**Information:**

---+---

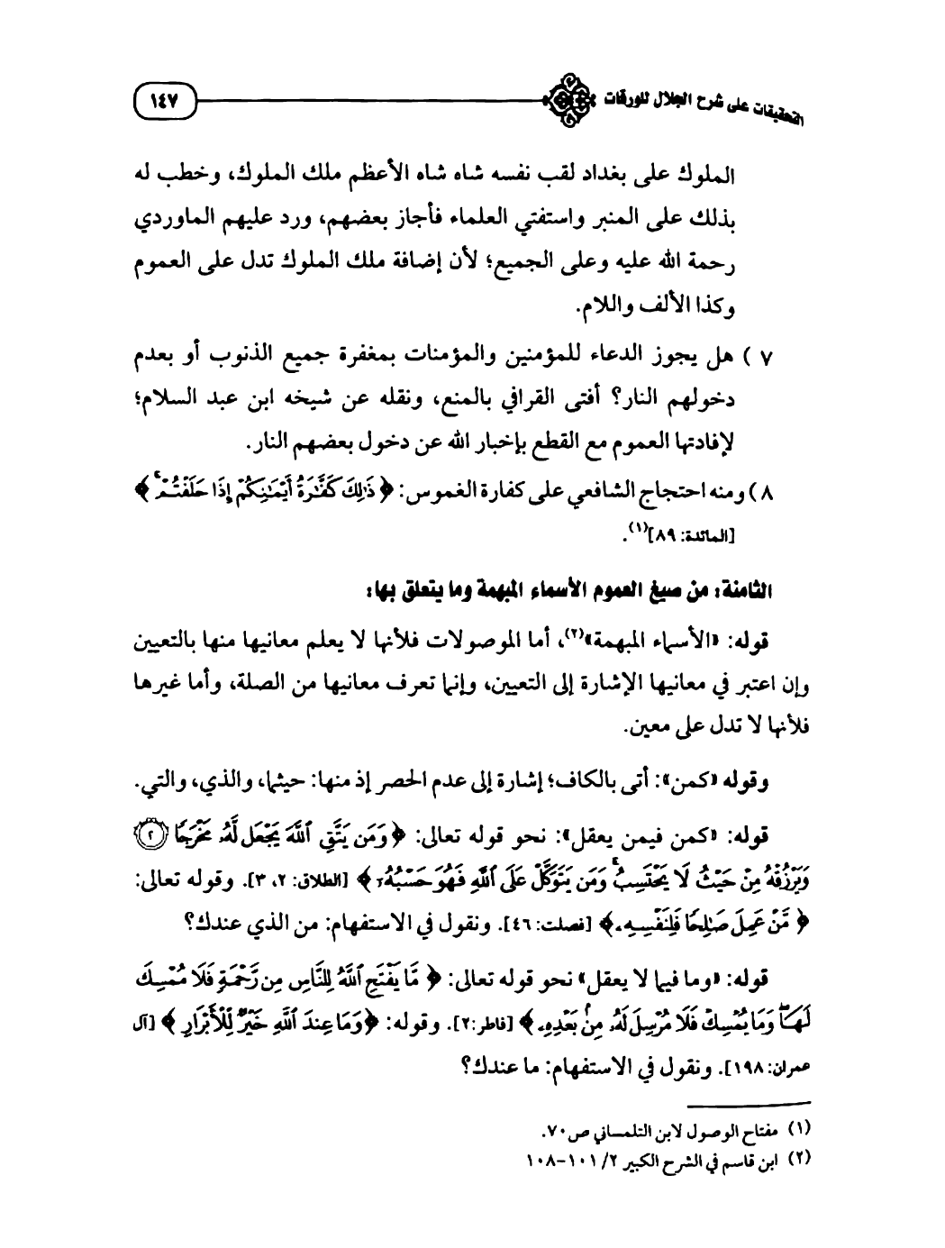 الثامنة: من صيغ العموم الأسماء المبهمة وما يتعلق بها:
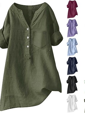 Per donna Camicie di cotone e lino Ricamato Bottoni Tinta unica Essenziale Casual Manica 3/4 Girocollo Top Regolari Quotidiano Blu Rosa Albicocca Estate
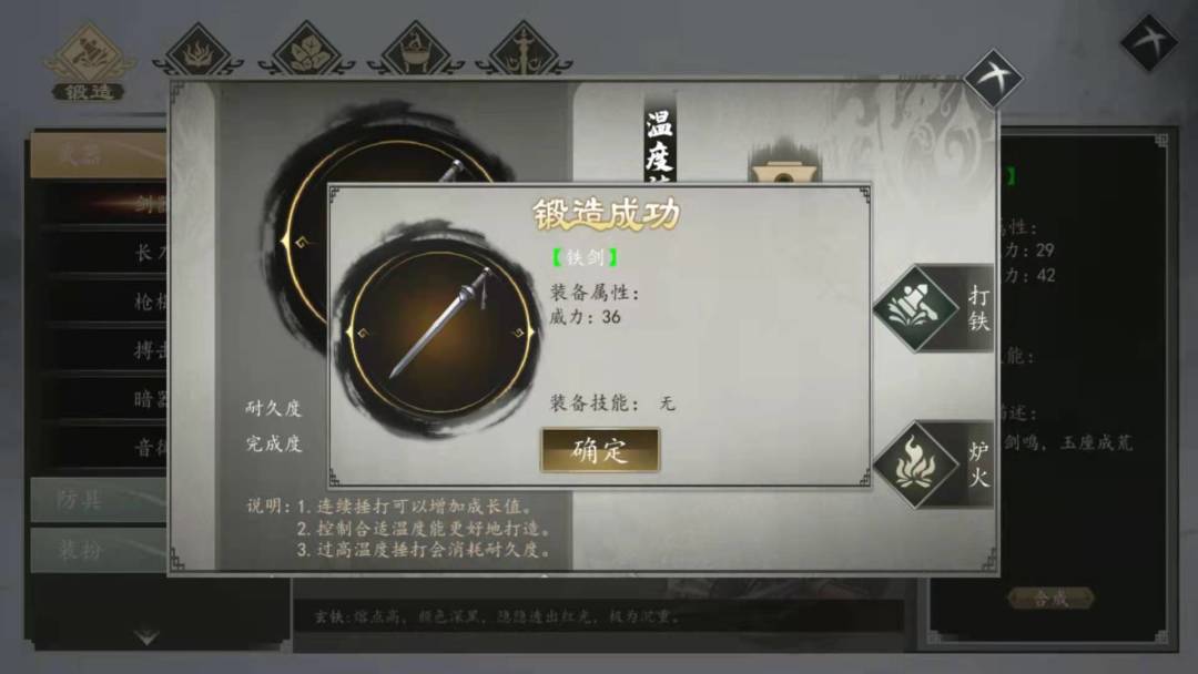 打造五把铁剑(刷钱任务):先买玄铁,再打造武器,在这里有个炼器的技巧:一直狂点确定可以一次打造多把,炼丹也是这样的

---+---

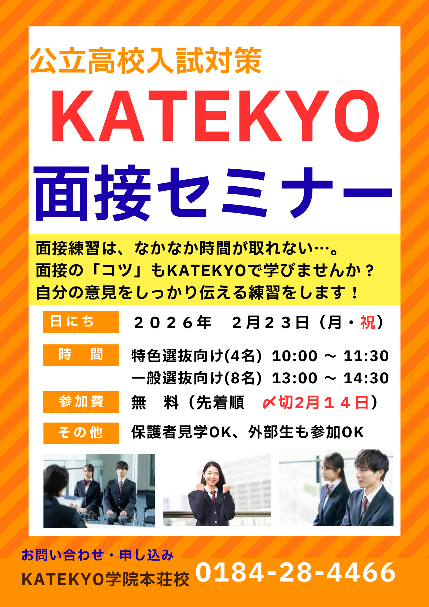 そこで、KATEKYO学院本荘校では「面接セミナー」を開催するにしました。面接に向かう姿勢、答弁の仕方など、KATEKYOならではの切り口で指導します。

---+---

**What you should do:** Although the records above contain pictures, the copy should not; retype exactly the lines from the one containing "الثامنة: من صيغ" through the one containing "打造五把铁剑(刷钱任务):先".

**Finished exercise:**
 الثامنة: من صيغ العموم الأسماء المبهمة وما يتعلق بها:
 Per donna Camicie di cotone e lino Ricamato Bottoni Tinta unica Essenziale Casual Manica 3/4 Girocollo Top Regolari Quotidiano Blu Rosa Albicocca Estate
 打造五把铁剑(刷钱任务):先买玄铁,再打造武器,在这里有个炼器的技巧:一直狂点确定可以一次打造多把,炼丹也是这样的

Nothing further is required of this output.